__Required work__. Only the lines from the first line of the data through the line containing "Dual USB-C Ports: Pengecas" belong in the answer, transcribed exactly; pictures do not.
The data START
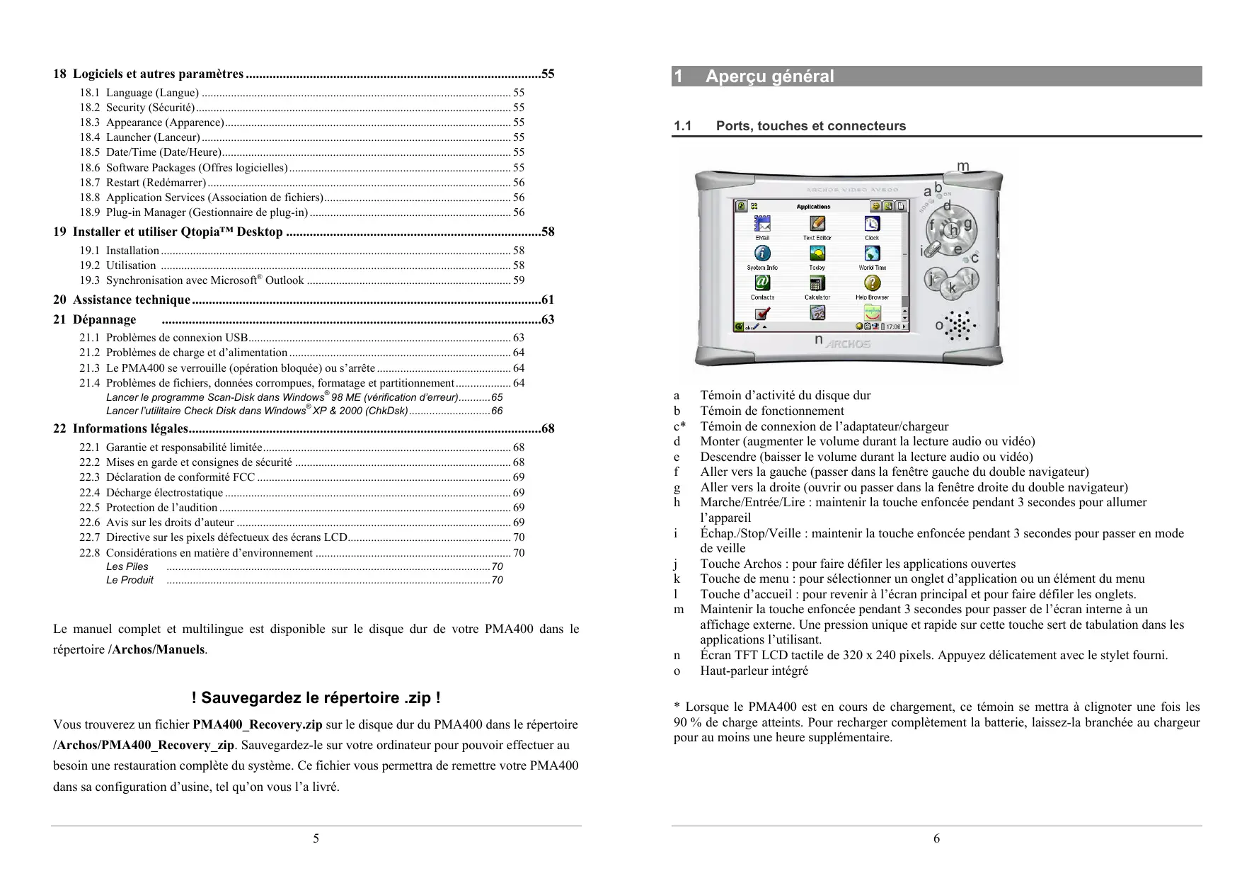 ! Sauvegardez le répertoire .zip ! Vous trouverez un fichier PMA400_Recovery.zip sur le disque dur du PMA400 dans le répertoire /Archos/PMA400_Recovery_zip. Sauvegardez-le sur votre ordinateur pour pouvoir effectuer au Témoin d’activité du disque dur Témoin de fonctionnement Témoin de connexion de l’adaptateur/chargeur Monter (augmenter le volume durant la lecture audio ou vidéo) Descendre (baisser le volume durant la lecture audio ou vidéo) Aller vers la gauche (passer dans la fenêtre gauche du double navigateur) Aller vers la droite (ouvrir ou passer dans la fenêtre droite du double navigateur) Marche/Entrée/Lire : maintenir la touche enfoncée pendant 3 secondes pour allumer l’appareil Échap./Stop/Veille : maintenir la touche enfoncée pendant 3 secondes pour passer en mode de veille Touche Archos : pour faire défiler les applications ouvertes Touche de menu : pour sélectionner un onglet d’application ou un élément du menu Touche d’accueil : pour revenir à l’écran principal et pour faire défiler les onglets. Maintenir la touche enfoncée pendant 3 secondes pour passer de l’écran interne à un affichage externe. Une pression unique et rapide sur cette touche sert de tabulation dans les applications l’utilisant. Écran TFT LCD tactile de 320 x 240 pixels. Appuyez délicatement avec le stylet fourni. Haut-parleur intégré
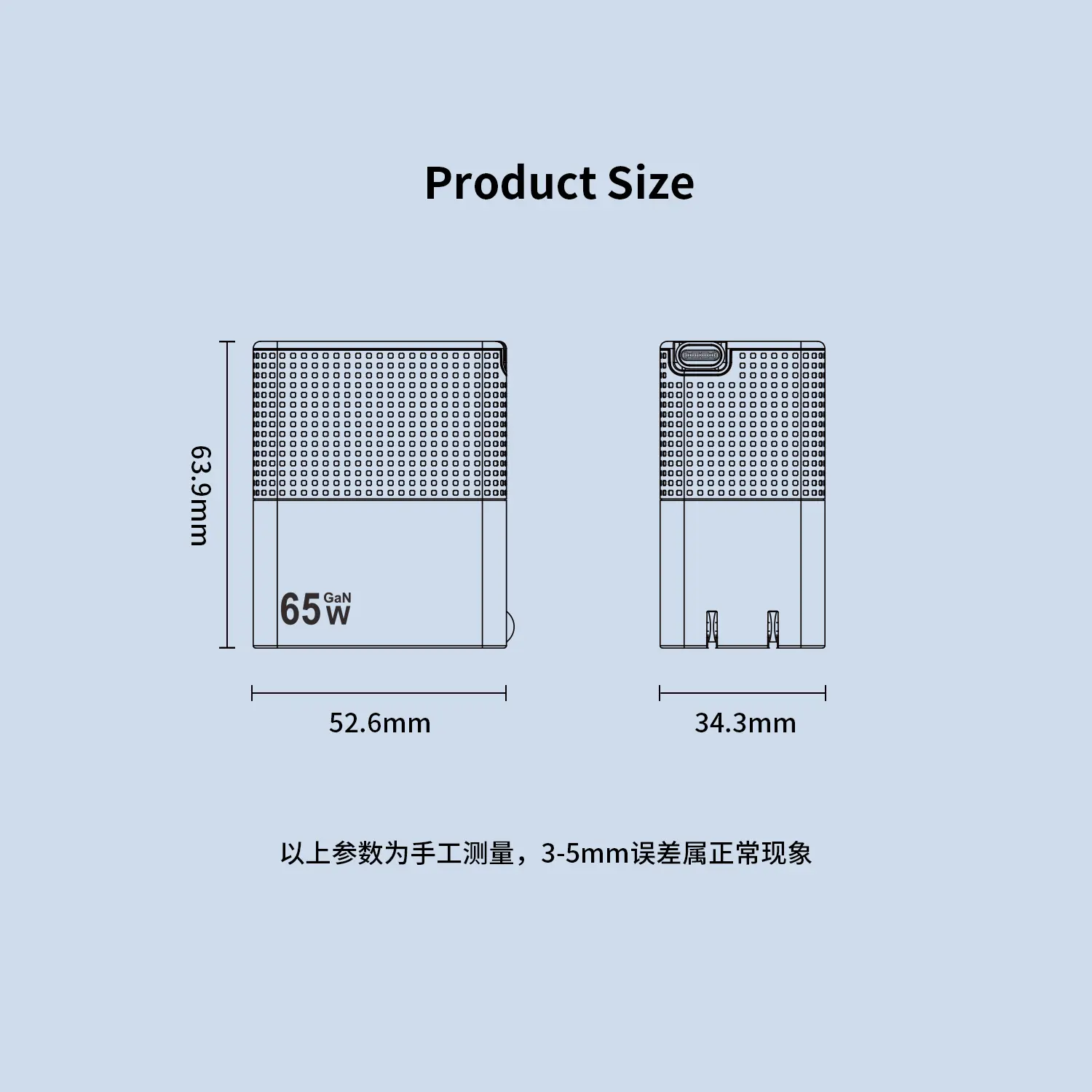 Dual USB-C Ports: Pengecas 65W PD 3.0 boleh mengenakan dua peranti secara serentak. Semasa dua proses pengecasan, kuasa diperuntukkan sebagai 45W dan 20W.
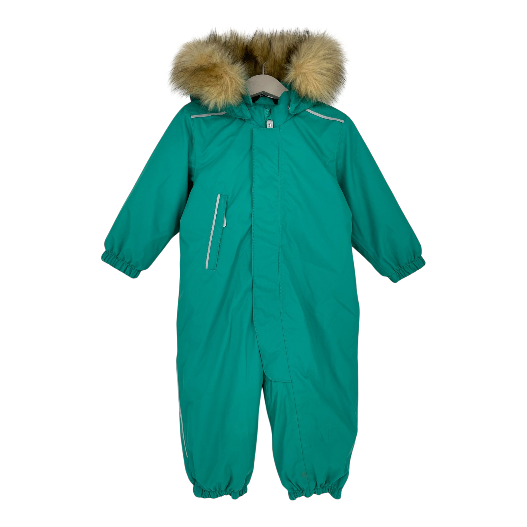 Reima Gotland winter overall with detachable faux fur hood and one zip pocket. This winter style has an insulated seat that keeps the bottom warm and dry during fun winter adventures. The smooth polyester lining makes dressing up easy, and the lining is also ideal with warm mid-layers.
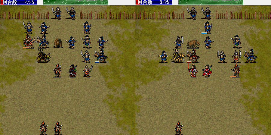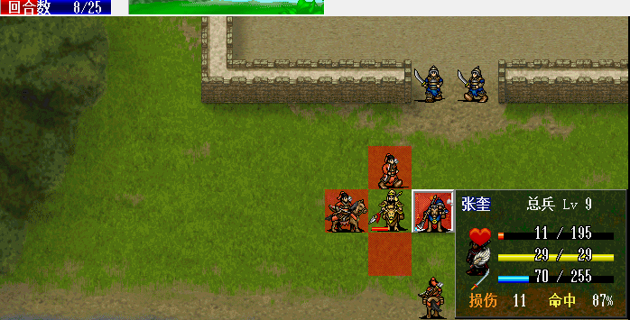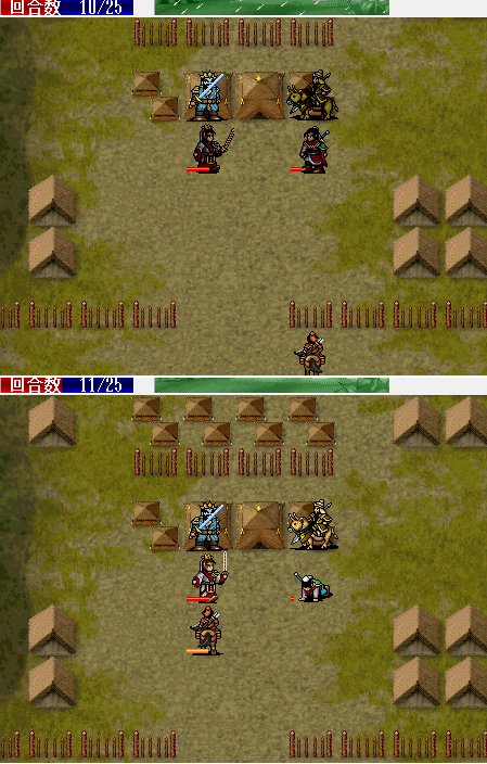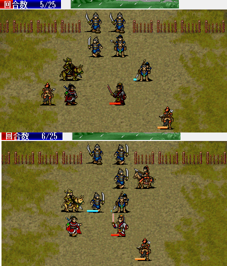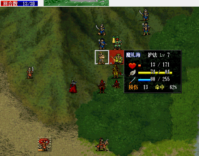 围攻击退魔礼青旁边的步兵。11回合击退天化暴击击退魔礼青
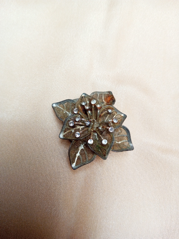 An overhead close-up image depicts a tarnished metallic floral brooch resting on a light beige satin-like fabric surface
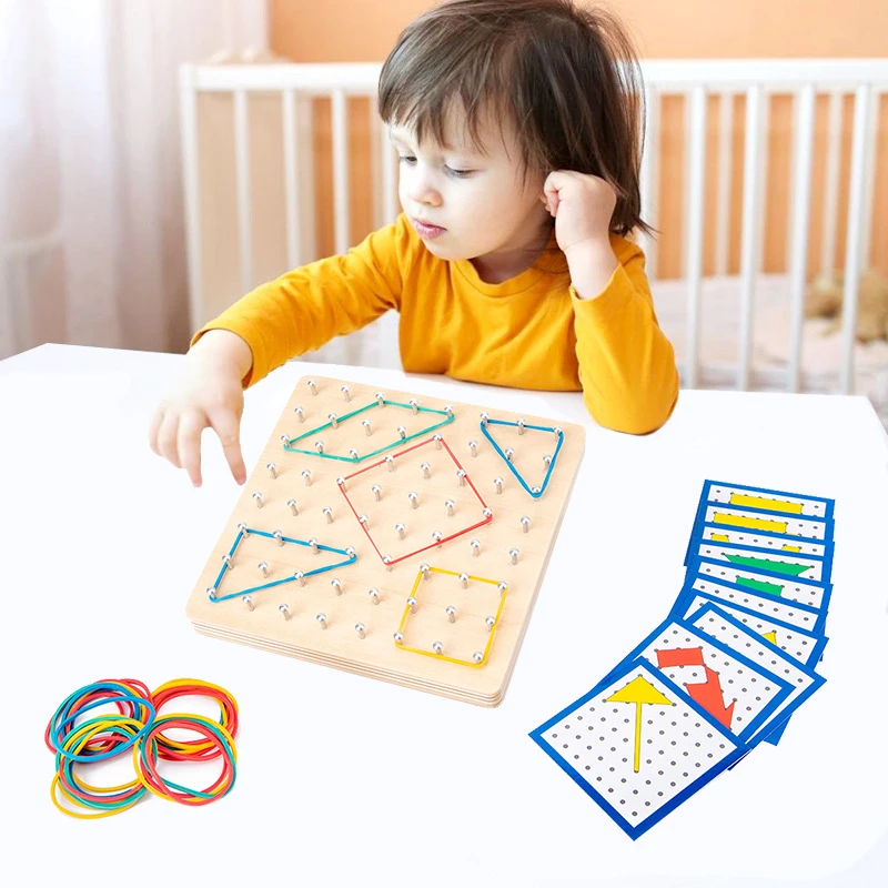Набор детских деревянных игрушек с геометрической фигурой, Резиновая лента, игра Монтессори, обучающая креативная игрушка, мелкий мотор для тренировки
The data END
__Output for this task__.
 ! Sauvegardez le répertoire .zip ! Vous trouverez un fichier PMA400_Recovery.zip sur le disque dur du PMA400 dans le répertoire /Archos/PMA400_Recovery_zip. Sauvegardez-le sur votre ordinateur pour pouvoir effectuer au Témoin d’activité du disque dur Témoin de fonctionnement Témoin de connexion de l’adaptateur/chargeur Monter (augmenter le volume durant la lecture audio ou vidéo) Descendre (baisser le volume durant la lecture audio ou vidéo) Aller vers la gauche (passer dans la fenêtre gauche du double navigateur) Aller vers la droite (ouvrir ou passer dans la fenêtre droite du double navigateur) Marche/Entrée/Lire : maintenir la touche enfoncée pendant 3 secondes pour allumer l’appareil Échap./Stop/Veille : maintenir la touche enfoncée pendant 3 secondes pour passer en mode de veille Touche Archos : pour faire défiler les applications ouvertes Touche de menu : pour sélectionner un onglet d’application ou un élément du menu Touche d’accueil : pour revenir à l’écran principal et pour faire défiler les onglets. Maintenir la touche enfoncée pendant 3 secondes pour passer de l’écran interne à un affichage externe. Une pression unique et rapide sur cette touche sert de tabulation dans les applications l’utilisant. Écran TFT LCD tactile de 320 x 240 pixels. Appuyez délicatement avec le stylet fourni. Haut-parleur intégré
 Dual USB-C Ports: Pengecas 65W PD 3.0 boleh mengenakan dua peranti secara serentak. Semasa dua proses pengecasan, kuasa diperuntukkan sebagai 45W dan 20W.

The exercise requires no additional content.